# Driveway Breeding.....ugh



## Squirrelgirl88 (Jun 1, 2014)

So we took one of our does to be bred today. Things went south quickly. First of all, she was so stressed from the transport that she was actually panting. I've never seen a goat pant before.

The buck was interested, played nice, whispered in her ear, peed all over his face.....  She was having none of it. We confined them to a small pen in the barn, and all she did was try to kill him. Boy, when a girl says no.....she means no.

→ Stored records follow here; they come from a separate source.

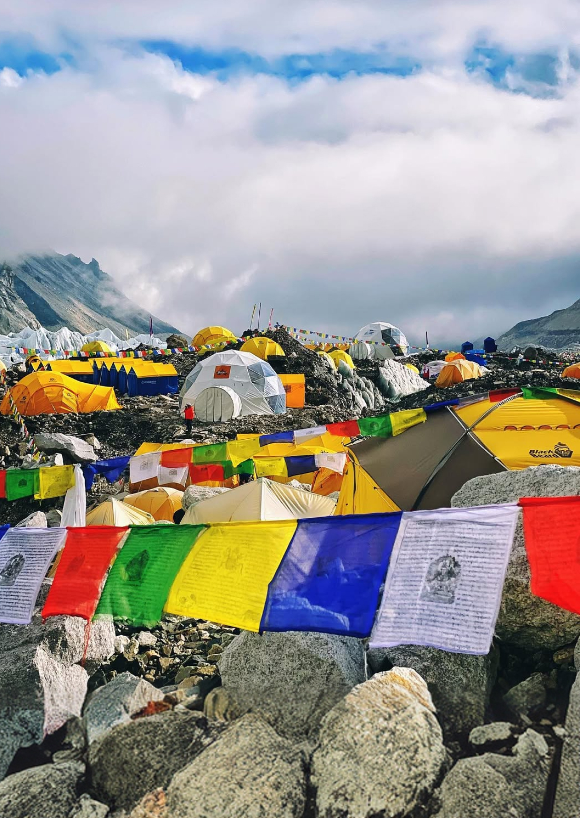 Самый холодный участок маршрута. На высоте базового лагеря Эвереста в мае снег на обочинах — норма. Резкие перепады в течение дня: утром мороз, в полдень солнечно и терпимо, вечером снова холод и ветер. Термобельё, флис, ветрозащита — обязательны.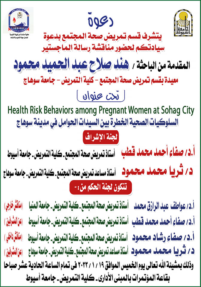 د/ ثريا محمد محمد أستاذ مساعد تمريض صحة المجتمع كلية التمريض بجامعة سوهاج (عن المشرفين)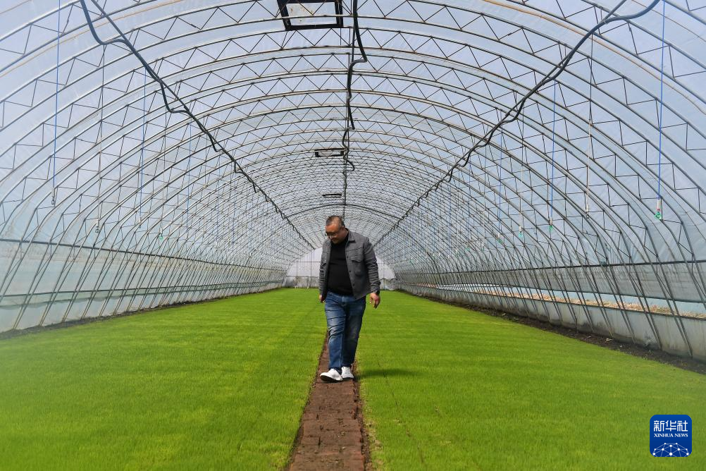 在鑫丰种植农民专业合作社,金天在查看水稻育苗情况(4月17日摄)。

This poor buck may never go near another doe again.

SO here is what I'm thinking. This buck fathered two of my does, so I can't just bring him to our house and turn him loose. The only other stud service will not let us borrow the buck we have to bring the does to him. Uh tried it, got the T-shirt, no thanks.

What if I bought a buck, bred all four does, let him stay til they delivered, and then sold him? Has anyone tried this before and had success?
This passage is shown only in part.